About Me

"Use every man after his desert, and who should 'scape whipping?"

Monday 3 September 2012

I stood on Battersea Bridge and wept

Well, not quite. To say I felt sick and sad at heart would be more accurate, looking again at that magnificent stretch of the Thames as it sweeps around from Wandsworth Bridge to Chelsea Reach.

Early winter evenings with a low sun and some cloudscape, the view west here can be astonishing - the Thames is still wide enough at this point to seem like a truly great river, and not the wealthy playboys' amenity it seems to become upstream of Teddington.

That view, to my mind, was only slightly compromised by the towers of the World's End estate in the 70s, or by the silly Costa Brava look of the 1980s folly Chelsea Harbour.

But since the mid-90s it's the south bank that has offended most, as great lumps of riverside residential development  emerged like diseased teeth from the mudbanks of Vauxhall,  Battersea and Wandsworth. The view - sorry about this cliché - has been yuppified.

Immediately to the east you get Norman Foster's offices and the same practice's doughnut shaped building, which are each elegant and interesting buildings.

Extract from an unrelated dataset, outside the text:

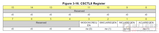 CSCTL8寄存器里包含的是MOD,SMCLK,MCLK,ACLK的Request使能,直接默认即可,会失能MOD,使能MCLK,SMCLK和ACLK。
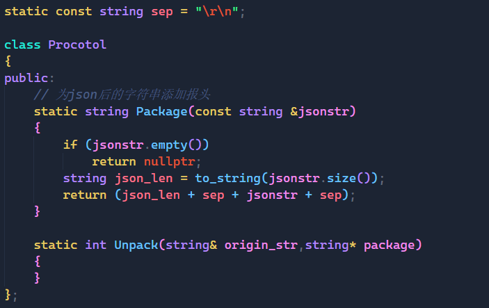 这里我们的做法是新创建一个Procotol类,在里面实现一个Package方法用来完成上面的工作,并且为了使我们最后的字符串可读性比较好,所以我们在中间添加了" \r\n "。

But to the west, all hell. The hideous Wimpy-style townhouses of Morgans's Walk  set the tone (I remember when it was still the crucible factory, somewhere around there Nick Drake was photographed for the cover of Five Leaves Left). Battersea Church Street. Up the fucking junction, remember?

Beyond the beautiful church (thank Christ, it is still there), there is an unbroken row of show-off, stupid, ugly, shiny projects, none of them in itself quite as foul as the stuff at Vauxhall - but in a way their lumpish, mean-minded, stupid inadequacy is all the more offensive than that brash turbo-yuppie nonsense on the site of the old pleasure gardens.

Worst of all, though, is how it affects the view from the bridges. Cannot help feeeling that old Whistler etc would have wept blood.